With OpenAI now muscling its way into the AI video generator segment, Pika’s new lip-sync feature could help the platform retain customers in an increasingly competitive market. Meanwhile, following on from the launch of its SORA-style text-to-video platform in December, Alibaba’s take  on the concept reflects its rising generative AI ambitions. 

Oriented more toward Pixar-style animations than SORA’s pursuit of photorealism, Pika is an ideal candidate for the AI speech depiction. 

Granted, the videos showcased so far fall short of the standards professional animation studios can deliver. Nonetheless, they are still an improvement on previous attempts at depicting speech in AI videos.

For its part, Alibaba has approached AI lip-syncing from a slightly different angle, launching EMO as a standalone product that uses AI to make still images talk.

To create EMO, short for Emote Portrait Live, researchers trained their AI model on over 250 hours of footage and more than 150 million images. The training dataset encompassed multiple languages and included speeches, film and television clips and footage of song performances.

Using stable diffusion, the same machine learning process that powers SORA, they built their model to generate clips based on input audio rather than text prompts.

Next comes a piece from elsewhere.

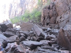 В обычной жизни я не занимаюсь спортом, и навыка спортивной ходьбы у меня нет, но я упряма и всегда дохожу, куда надо, только чуть позже коллег из-за своего более медленного темпа. Но каждый раз, когда этот темп слишком быстр для меня, я начинаю нервничать, что подвожу группу, и у меня сбивается дыхание, что добавляет усталости. Да еще мы несерьезно отнеслись к обуви, у меня были легкие спортивные тапки с открытой пяткой, что здесь категорически нельзя. Настоятельно советую одевать кроссовки с твердым задником и flexible подошвой, чтобы не повредить ноги. Мы вот потянули связки в стопе и лодыжке от бесконечных подтягиваний и прыжков вниз-вверх. Разве можно было предположить, что дальше будет еще хуже? Из-за высоты этих глыб трудно увидеть, что называется свет в конце тоннеля, и ты не знаешь, долго ли еще идти. Озвученные на щите 2 км, казалось, превратились во все 10!

Video Generation vs. Augmentation

While AI video generators have captured the world’s attention, the latest AI lip sync tools reflect the emergence of an auxiliary trend. 

Instead of focusing on creating original scenes, Pika Lip Sync and Alibaba’s EMO are geared toward the augmentation of existing material. 

Alongside models designed to increase the quality or fidelity of input videos, they are part of an emerging editorial toolkit that uses generative AI to enhance rather than replace traditional methods of video production.